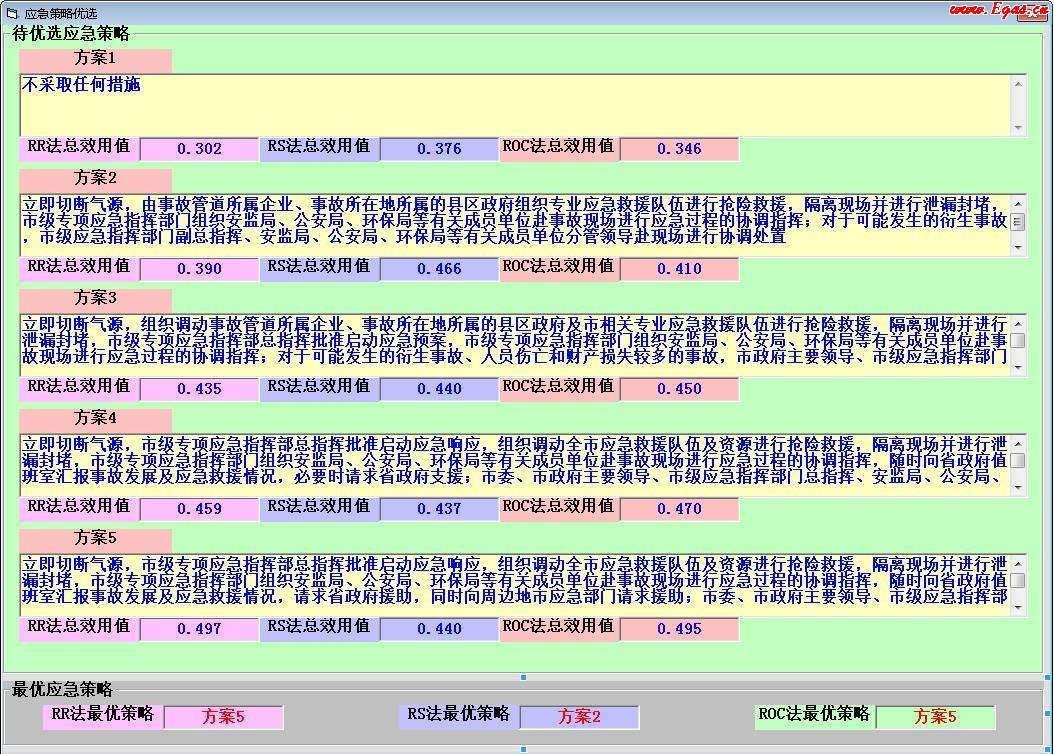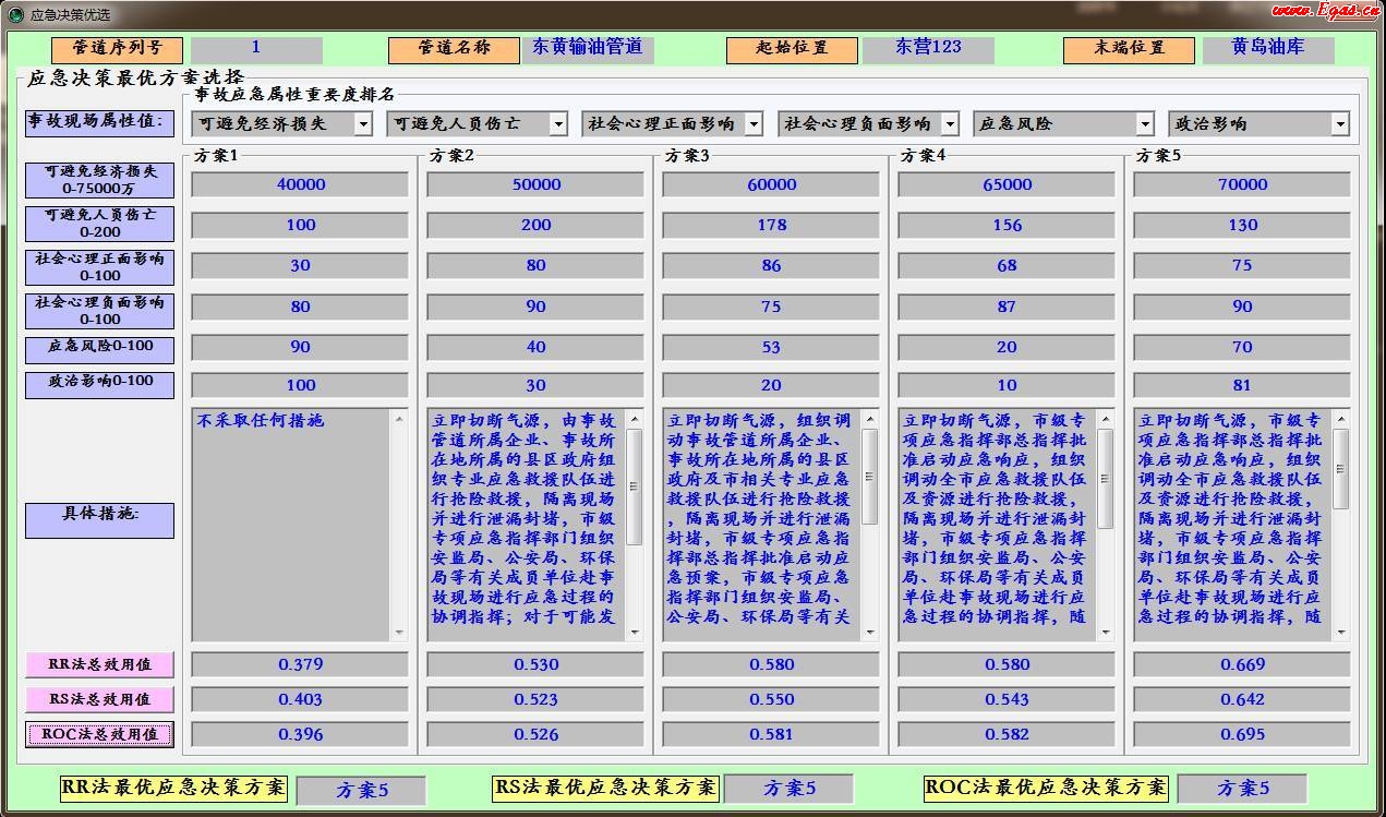(3)通過比較現(xiàn)有預(yù)選應(yīng)急方案的效用值,遴選出最有效的應(yīng)急方案,使得管道重大事故發(fā)生時(shí)的應(yīng)急方案決策更加科學(xué)合理,相關(guān)企業(yè)或政府部門決策更加迅速。系統(tǒng)操作簡單、穩(wěn)定性強(qiáng),可在城市油氣管道管理企業(yè)中推廣使用。
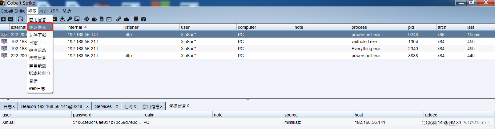 在View --> Credentials下可以查看到hashdump与mimikatz获取的数据。
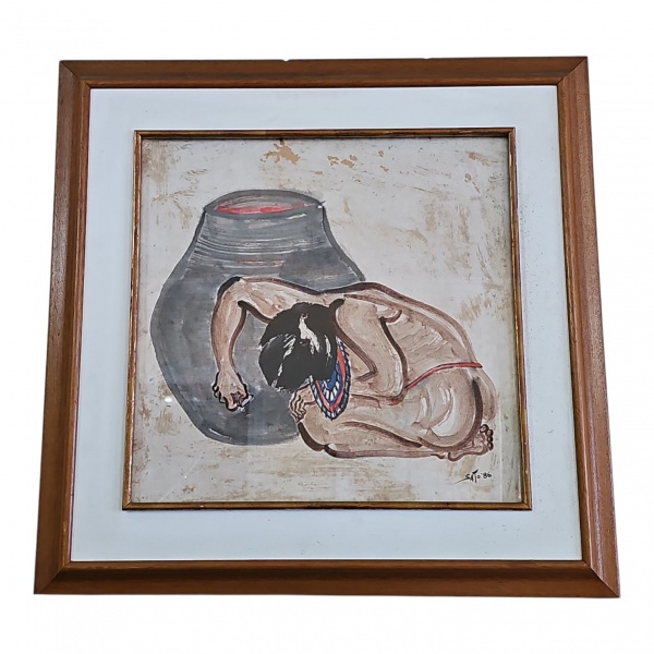 • SATO - Aquarela representando índio artesão, acid e datado 86,  60 x 65 cm.
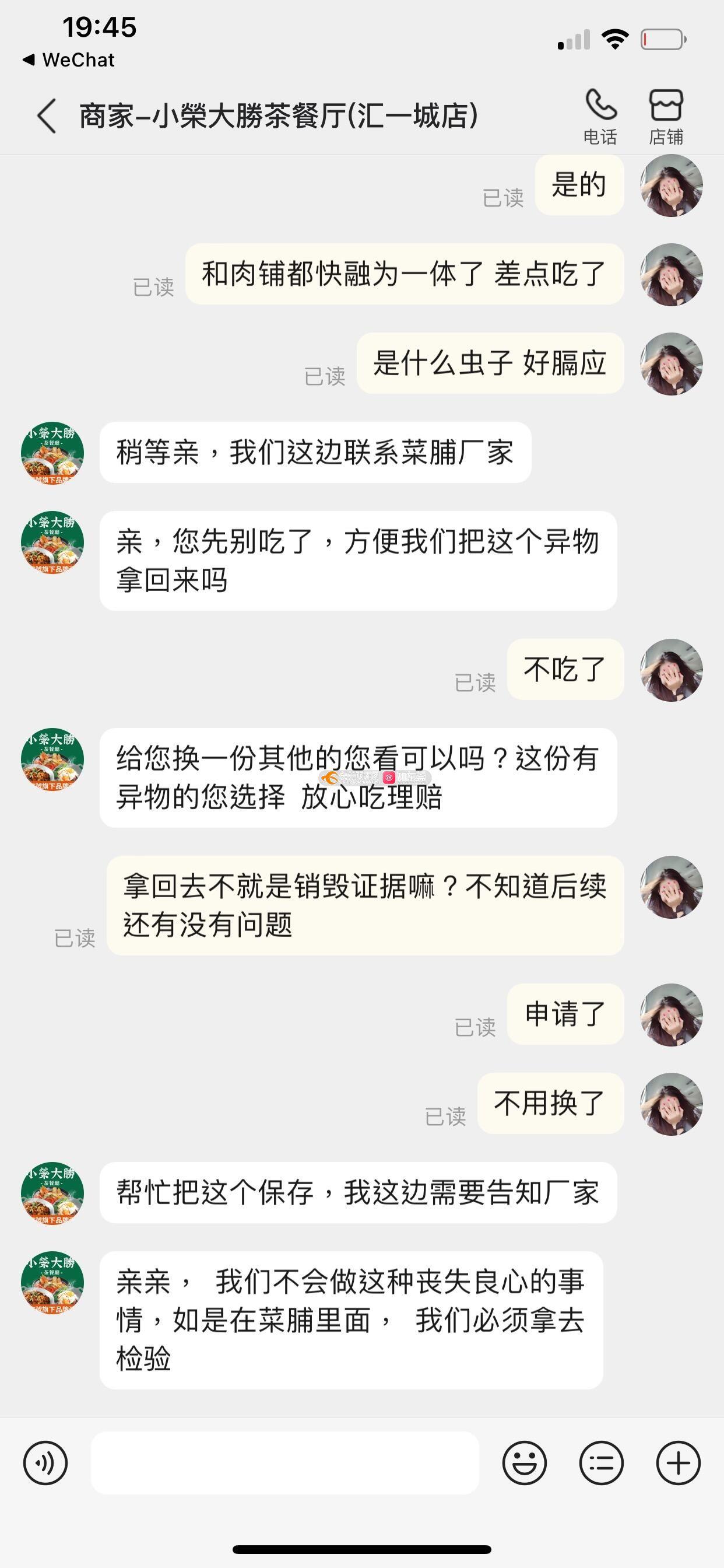 5月22号17:44分点了汇一城小荣大胜茶餐厅的外卖,吃出了不知名虫子,与商家沟通后,让我寄回去检验,但怕寄回去后不了了知,决定还是请有关部门介入调查,希望能提供真实的检验报告和合理的赔偿。
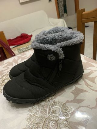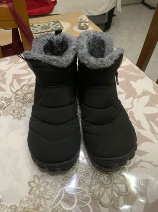 Stivali da neve neri con fodera interna calda e morbida. - Fodera in pelliccia sintetica. - Suola in gomma antiscivolo. - Design comodo e pratico.

▶ _Exercise requirements_
Retype exactly the lines from the line containing "5月22号17:44分点了汇" through the end of the entries above, including both ends, and leave every picture out.

▶ _Solution for this task_
 5月22号17:44分点了汇一城小荣大胜茶餐厅的外卖,吃出了不知名虫子,与商家沟通后,让我寄回去检验,但怕寄回去后不了了知,决定还是请有关部门介入调查,希望能提供真实的检验报告和合理的赔偿。
 Stivali da neve neri con fodera interna calda e morbida. - Fodera in pelliccia sintetica. - Suola in gomma antiscivolo. - Design comodo e pratico.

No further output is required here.